* Exercise requirements
Return, from the listing that follows, each line containing the word "Rote".

* Supplied information
..............................

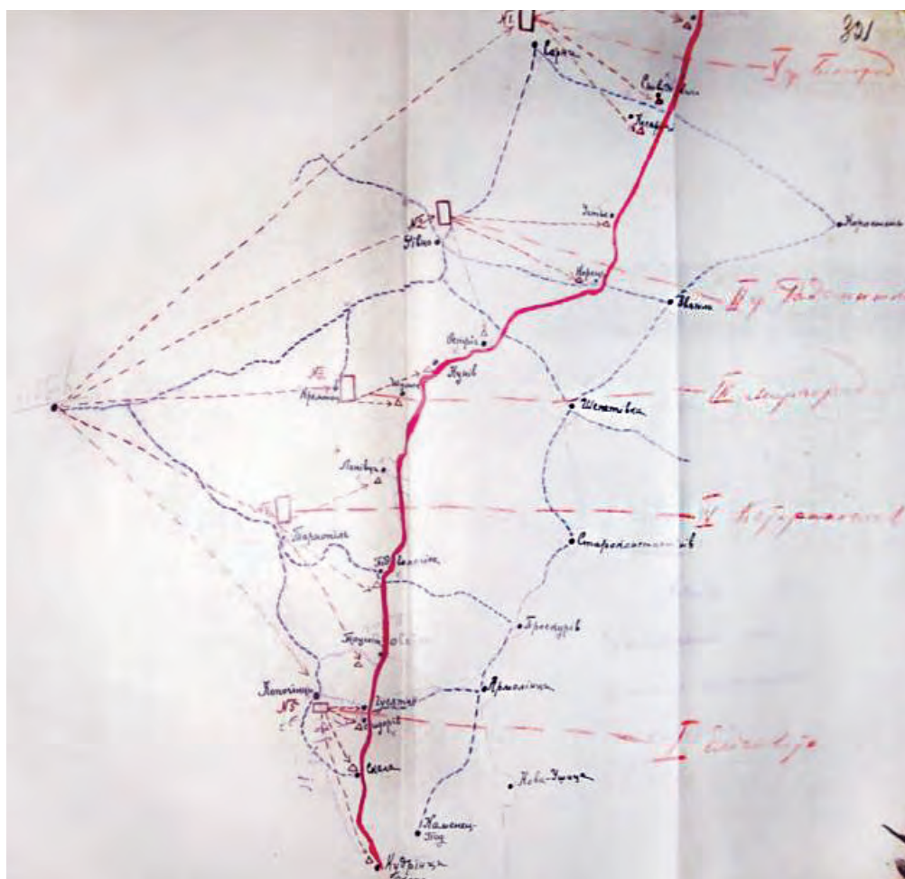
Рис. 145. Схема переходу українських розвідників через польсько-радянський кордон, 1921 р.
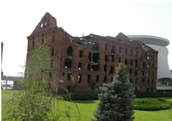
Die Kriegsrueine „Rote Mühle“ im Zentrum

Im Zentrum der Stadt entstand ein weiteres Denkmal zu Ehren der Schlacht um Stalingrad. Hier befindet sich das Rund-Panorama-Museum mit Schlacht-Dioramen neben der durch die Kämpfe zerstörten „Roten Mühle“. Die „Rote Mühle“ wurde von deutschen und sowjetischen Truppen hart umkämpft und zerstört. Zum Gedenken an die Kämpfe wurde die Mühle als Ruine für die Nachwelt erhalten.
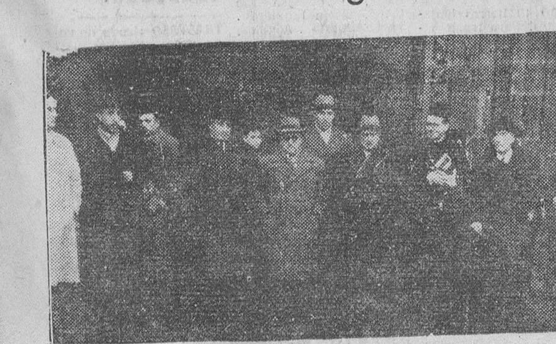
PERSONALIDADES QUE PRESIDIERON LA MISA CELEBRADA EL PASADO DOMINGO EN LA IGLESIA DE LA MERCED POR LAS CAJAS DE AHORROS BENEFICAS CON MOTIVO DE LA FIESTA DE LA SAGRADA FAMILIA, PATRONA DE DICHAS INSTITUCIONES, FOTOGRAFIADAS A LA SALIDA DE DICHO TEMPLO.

..............................

* Exercise response
Die Kriegsrueine „Rote Mühle“ im Zentrum
Im Zentrum der Stadt entstand ein weiteres Denkmal zu Ehren der Schlacht um Stalingrad. Hier befindet sich das Rund-Panorama-Museum mit Schlacht-Dioramen neben der durch die Kämpfe zerstörten „Roten Mühle“. Die „Rote Mühle“ wurde von deutschen und sowjetischen Truppen hart umkämpft und zerstört. Zum Gedenken an die Kämpfe wurde die Mühle als Ruine für die Nachwelt erhalten.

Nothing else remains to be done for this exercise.